Strike against all three looms
Meanwhile, the UAW continued to insist it would take the unprecedented step of striking all three automakers simultaneously if a deadline is not reached when the contracts expire on Sept. 14 at 11:59 p.m.
UAW President Shawn Fain has emphasized this week if there is no tentative agreement by the deadline the union will strike. Fain also has declined to name a target, which in the past has led to temporary contract extensions at the other companies. So far, union officials have declined to discuss extensions even as it focused more intensely in the bargaining with Ford.
As the discussions progressed, GM disclosed it had proposed a 10% increase in wages, which it described the largest since the 1999 contract and 67% higher than 2015 and 2019 — along with the two additional lump sum payments of 3%, which brings the total increase to 16%.
“We have progressed to more detailed discussions in our 2023 UAW/GM labor negotiations, and today we put an economic offer on the table to the union. Our offer has been developed considering everything in our environment including competitor offers and what is important to our team members.” GM said in a statement.

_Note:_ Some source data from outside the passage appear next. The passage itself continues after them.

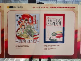 此次展览由马院、人武部主办,军事理论与国家安全教育教研室承办。以“喜迎二十大 共筑强军梦”为主题,在安吉校区行政楼一楼大厅集中展示军事理论与国家安全教育教学作品。同学们用海报、手绘、墙报、短文、诗歌、手工制作等形式,创作了饱含深情的文艺作品,表达了广大师生助力全民国防教育事业,喜迎党的二十大召开的喜悦心情。
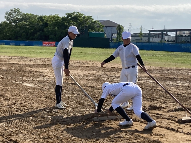 今日の午前中の前半は前日の雨が残っていたのでグランド整備をし、後半から午後にかけてバント練習、内野ゴロ練習、外野フライ練習を各グループに分けて練習しました。
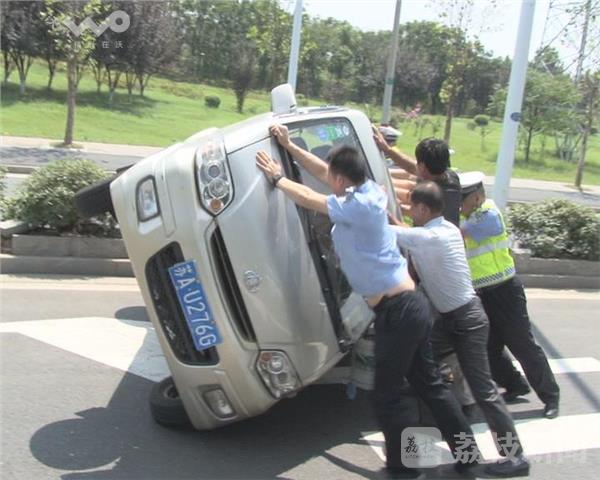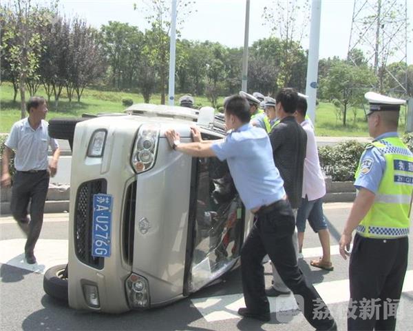 据开车的司机张某说:“自己今天上午是从合肥到扬州干活,车上连自己总共坐三人。车速也不快,也就80码不到的样子,当车子行驶到这里的时候,方向盘突然打摆,自己就控制不住了,接着车子就猛的反了过来,一下子滑行有50米的距离。当时幸亏自己扣了安全带,不然把自己甩出去命都没了。”
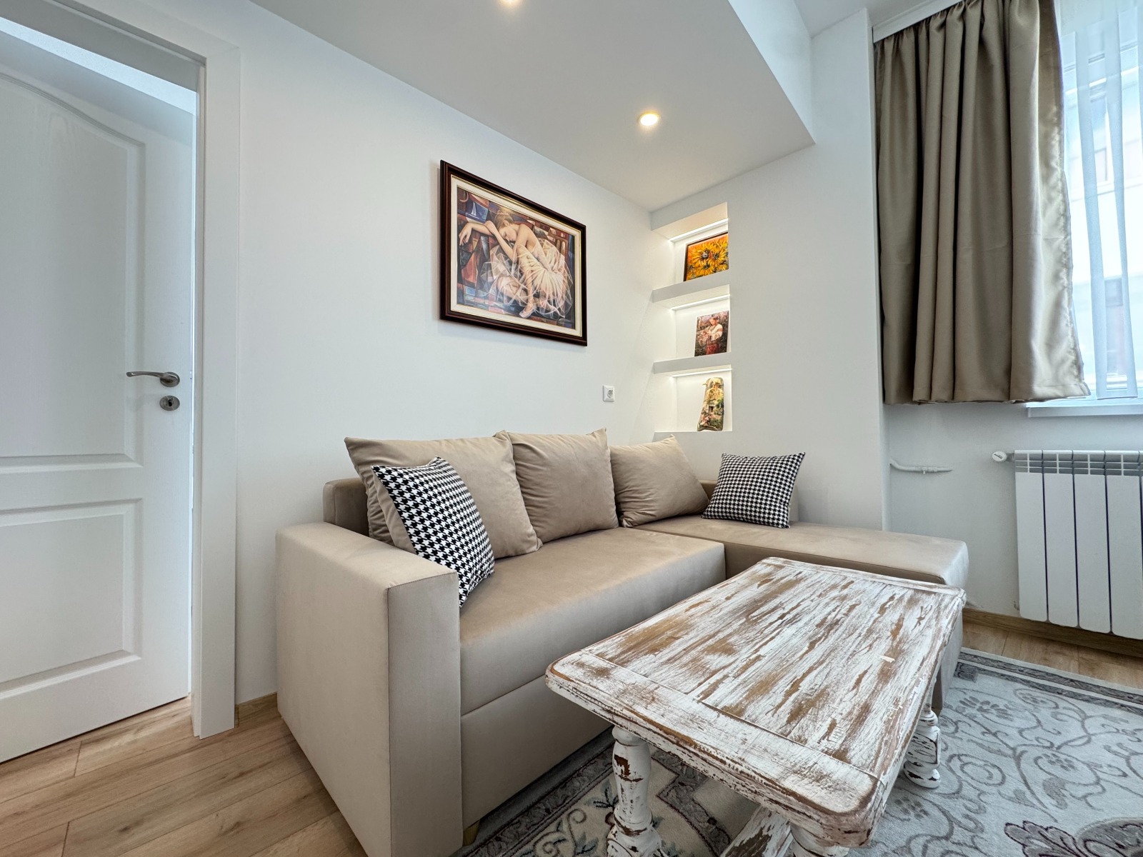 A newly furnished and functional two-bedroom apartment is for rent, located at 57 Tsar Asen Street, in the heart of Sofia. The location is extremely convenient, within walking distance of Vitosha Blvd., key boulevards, public transport stops, shops, restaurants and administrative points.
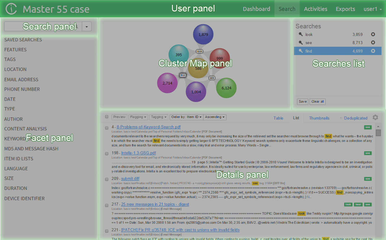 - Cluster Map panel - shows how search results are connected to
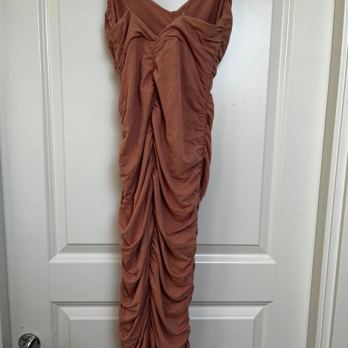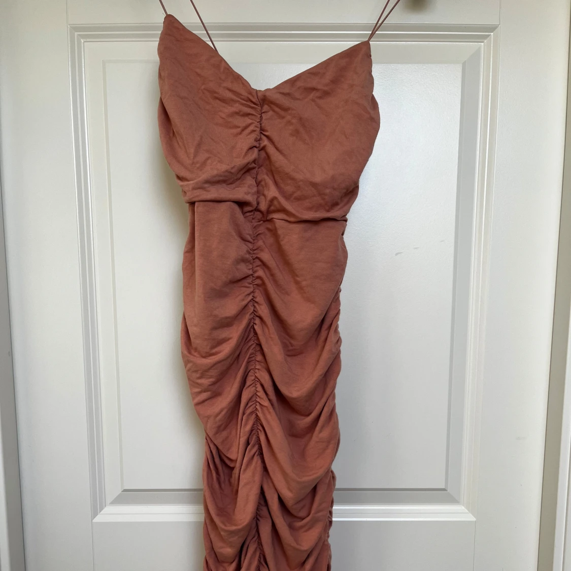 Rynkad klänning endast använd 1 gång Smuts rosa färg Stretch i materialet
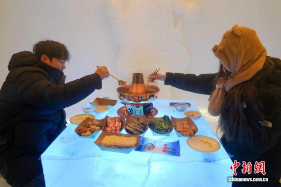 在-22℃的冰天雪地,游客體驗(yàn)雪屋火鍋,感受“冰火兩重天”的極致溫差。趙宇航 攝

GM said its proposal included a “well-deserved” wage improvements that far exceed the 2019 agreement. “We still have work to do, but we will continue to bargain in good faith with the UAW and work towards an outcome that recognizes the vital role of our team members in GM’s success,” GM said in a statement.
Rejection
The UAW, however, was not impressed.
“After refusing to bargain in good faith for the past six weeks, only after having federal labor board charges filed against them, GM has come to the table with an insulting proposal that doesn’t come close to an equitable agreement for America’s autoworkers.
“GM either doesn’t care or isn’t listening when we say we need economic justice at GM by 11:59 p.m. on Sept. 14th. The clock is ticking. Stop wasting our members’ time. Tick tock,” Fain said.
Meanwhile, Ford touted a pay increase that was part of the 2019 contract. Nearly 8,000 UAW-represented Ford employees received a substantial raise this Labor Day. Employees will see the pay increase in their next pay stubs.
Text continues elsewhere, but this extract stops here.